Казалось бы, что может быть проще: всего лишь надо осмыслить, что в эротических предпочтениях мужчин и женщин вершин не одна, а две, и вот оно – переосмысление жизни и её победное освоение. Но так ли уж всё просто?..
Продолжение авантюрного сюжета ещё будет (да какое!), будут и экскурсы в эротические тайны (да ещё какие!), но прежде, чтобы обогащение души шло психокатарсически, необходимо осмыслить несколько терминов. Благодарная, надо сказать, работа ума!
На последних страницах книги есть словарь новых терминов и переосмысленных понятий. Если сомневаетесь в значении употребляемого в тексте слова, то очень полезно в словарь заглянуть. Текст сразу же приобретает дополнительную глубину.
Часть первая
Пространство психокатарсиса
Глава первая
А помнишь?
Дороги и близки сердцу те люди, которым можно сказать: «А помнишь?» Таня Кузминская-Берс
В. (Ласково снизу вверх заглядывая ему в глаза): А помнишь, как мы с тобой в первый раз встретились?
П.: Ещё бы! Конечно, помню!
В.: А в чём я была тогда одета, помнишь?
П.: М-м-м-м… Что-то очень красивое… В серый свитер, который так тебе идёт, и…
В.: Ничего ты не помнишь! На мне было вот это самое вишнёвое платье.
П.: Ах, да-да-да… Конечно! Я просто оговорился… Вот это вишнёвое платье. Очень хорошо помню.
В.: Помнишь! Так я тебе и поверила! А вот на тебе была коричневая рубашка. И синяя куртка.
П.: Разве? Ужас! Старая, заслуженная куртка. Заслуженней не придумаешь. Её надо было бы выкинуть ещё лет пять назад. Или десять.
В.: Не надо выкидывать! Давай её сохраним. Как память!
П. (Он попытался не улыбнуться, чтобы она не заметила, как ему приятно это слышать, и попытался поверить, что не улыбнуться ему удалось.): Хорошо, раз тебе так хочется… Вообще-то мне всё равно, в чём ты тогда была. Разве дело в одежде? Я ничего, кроме твоих глаз, не заметил. Ну, может быть, ещё нос.
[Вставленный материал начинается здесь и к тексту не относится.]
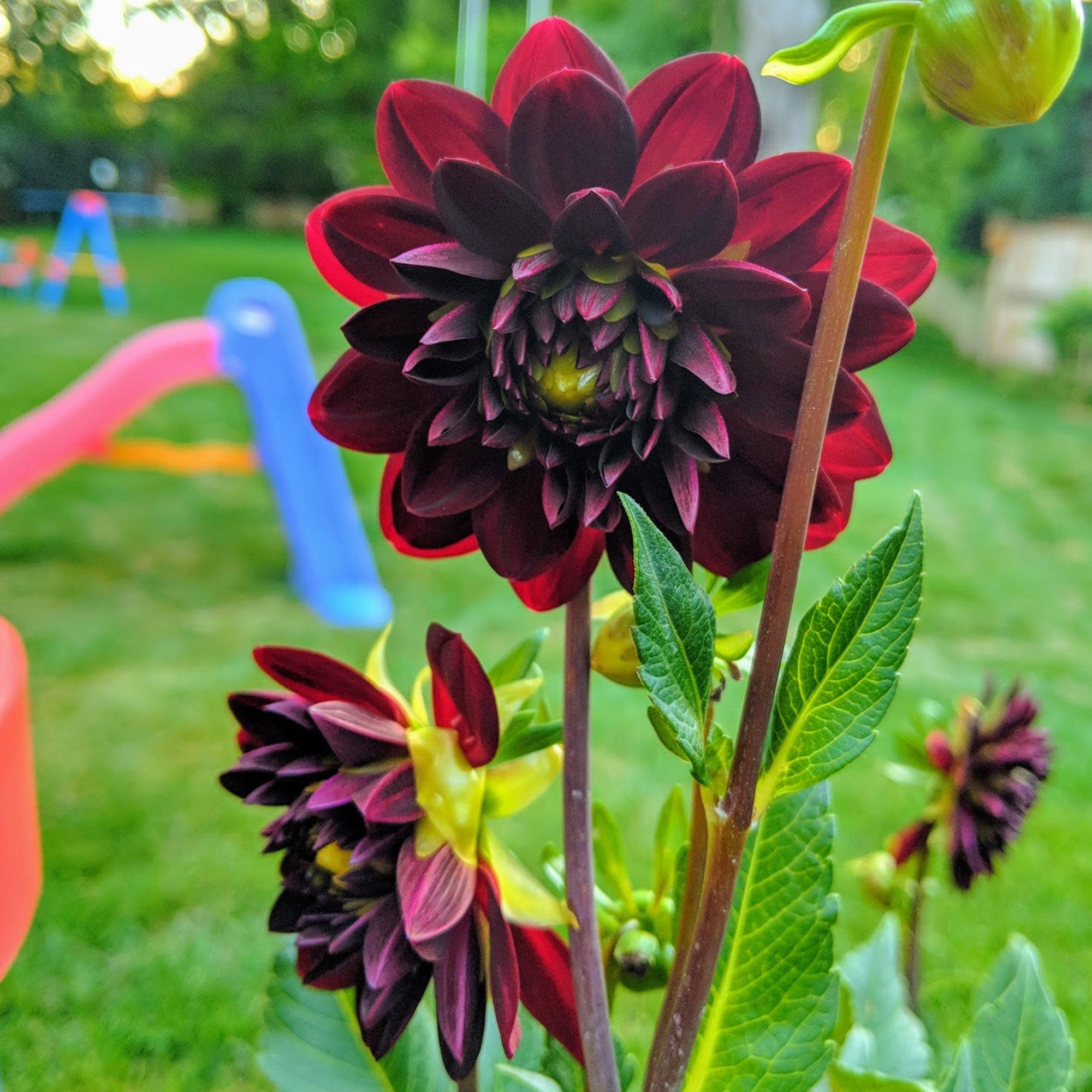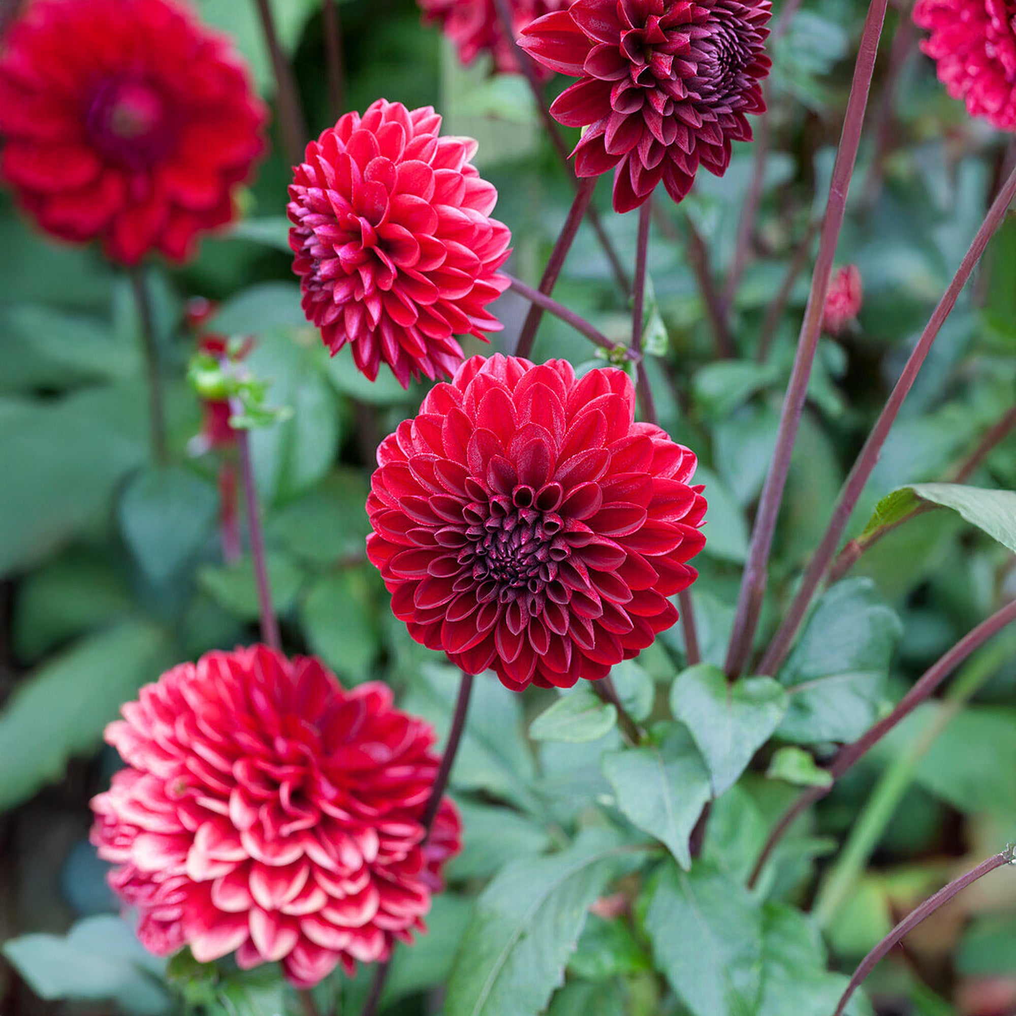Night Queen is a decorative ball dahlia with neatly rounded small-medium flowers in a glorious shade of deep crimson red. In certain lights, the petals can even appear almost black. The blooms grow on tall stems to 120cm high and contrast beautifully with the rich green foliage beneath.

В.: И что же ты там такого в них разглядел?
П.: Что тебе приятно на меня смотреть.
В.: Неужели?
П.: Да.
В.: А ещё что?
П.: Глаза твои сильнее всего меня поразили не при первой встрече, а при второй, когда в коридорчике столкнулись, тогда, на Хаббардовских курсах.
В.: А там что разглядел?
П.: Что ты допытываешься? Я тебе уже рассказывал!
В.: Ну и что? Мне приятно послушать. Почему бы тебе и не рассказать? Ты же – писатель!
П.: Писатель. А ты – читатель. Только читают-то не ушами. Рассказывать – это совсем другой дар. Рассказчика. А я – писатель. Пишу то есть. Писатели очень часто рассказывать и не умеют… А история нашей с тобой встречи (да и всего вслед за ней происшедшего!) удивительна настолько, что хоть сейчас – за пишущую машинку.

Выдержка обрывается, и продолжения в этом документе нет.